Richard Cooke

Personal information
- Full name: Richard Edward Cooke
- Date of birth: 4 September 1965 (age 60)
- Place of birth: Islington, England
- Height: 5 ft 6 in (1.68 m)
- Position: Winger

Youth career
- –: Tottenham Hotspur

Senior career*
- Years: Team / Apps / (Gls)
- 1983–1987: Tottenham Hotspur / 11 / (2)
- 1986: → Birmingham City / 5 / (0)
- 1987–1989: AFC Bournemouth / 72 / (15)
- 1989–1991: Luton Town / 17 / (1)
- 1991–1993: AFC Bournemouth / 53 / (2)

International career
- 1983: England U17 / 4 / (1)
- 1982–1984: England U18 / 4 / (1)
- 1985: England U19 / 3 / (0)
- 1985: England U20 / 3 / (0)
- 1986: England U21 / 1 / (0)

= Richard Cooke (footballer) =

English footballer (born 1965)

Richard Edward Cooke (born 4 September 1965) is an English former footballer who played as a winger in the Football League for Tottenham Hotspur, Birmingham City, AFC Bournemouth and Luton Town. He was capped by England at under-age levels including once for the under-21s.

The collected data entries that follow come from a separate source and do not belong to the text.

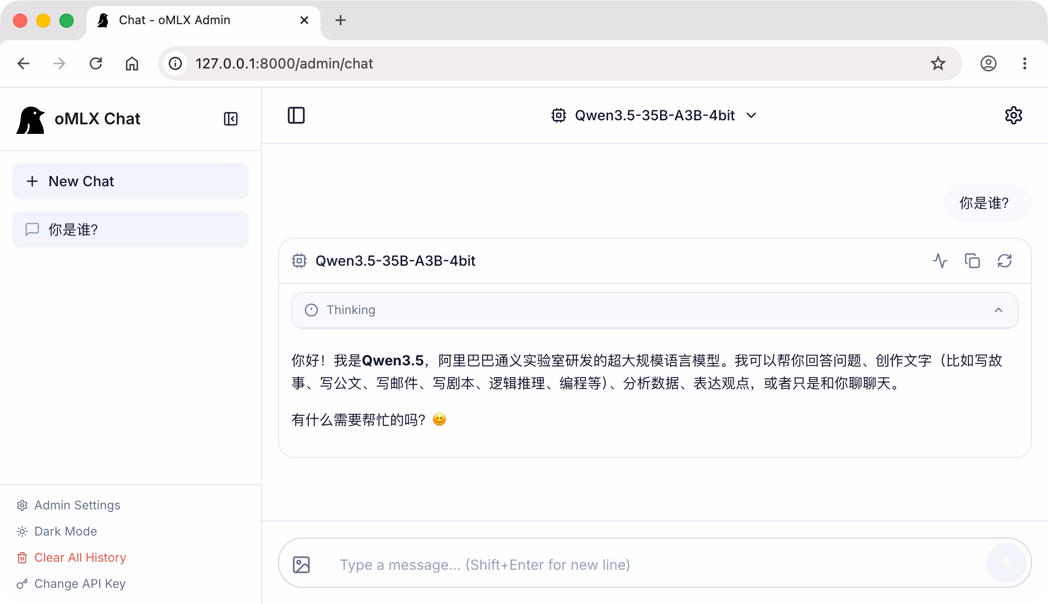 单击 Chat 进入对话页面,选择对应的模型,即可开始对话:
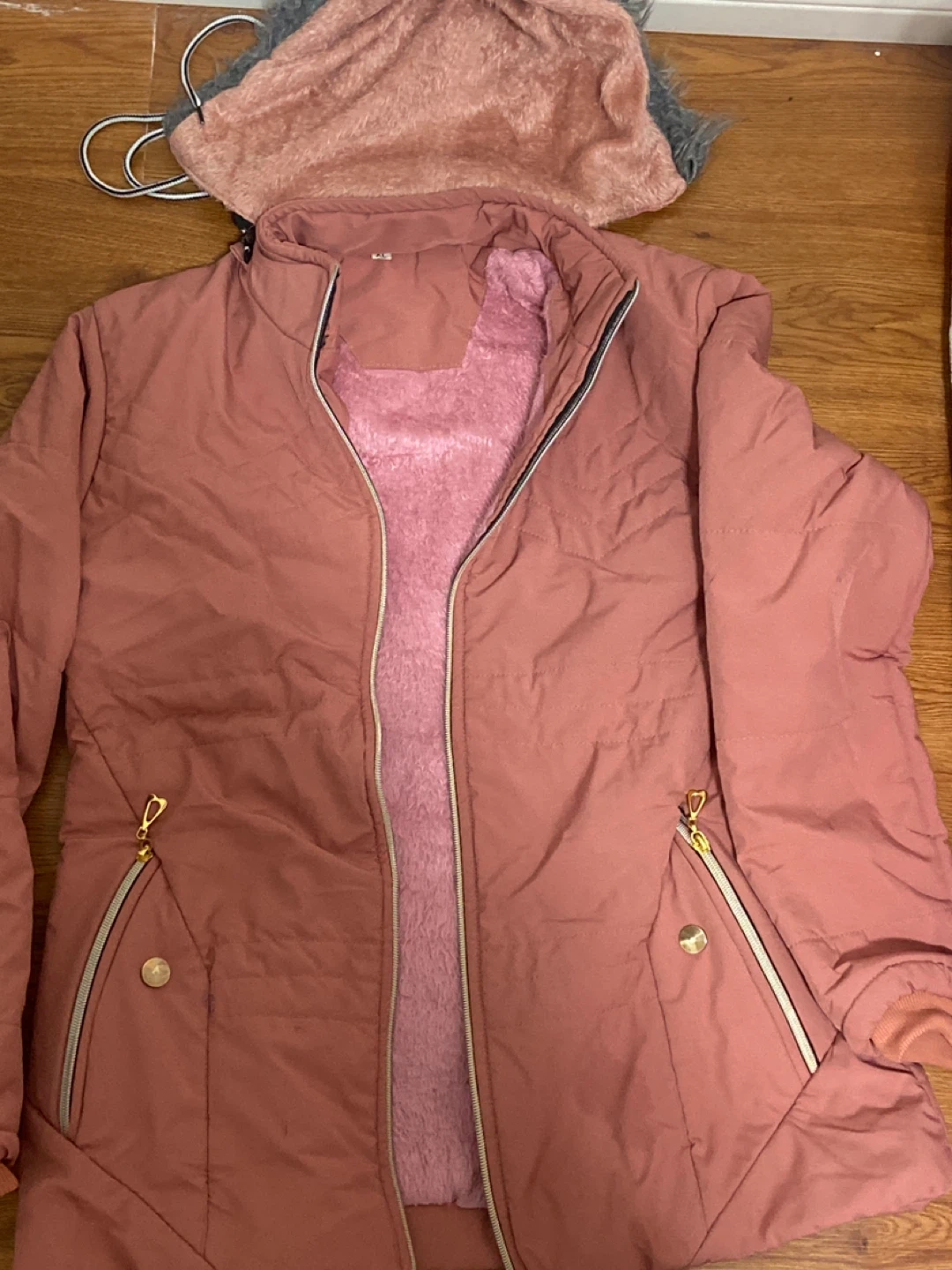 This pink hooded jacket is lined with soft faux fur for extra warmth. It features zippered pockets and a full zip closure. The hood has a grey faux fur trim.
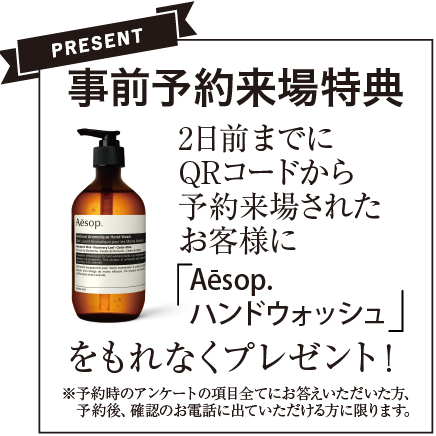 ・予約時のアンケートの項目全てにお答えいただいた方 ・予約後、確認のお電話に出ていただける方

Cooke played for Tottenham Hotspur as an apprentice, and played some first team games. He scored on his debut in November 1983 in an away win at Kenilworth Road versus Luton Town. He was an unused substitute in the 1984 UEFA Cup Final first leg. He later transferred to Luton Town and AFC Bournemouth, where he ended his career. He suffered a knee injury during a game versus Leyton Orient which subsequently ended his playing career. He went on to work as a London taxi driver.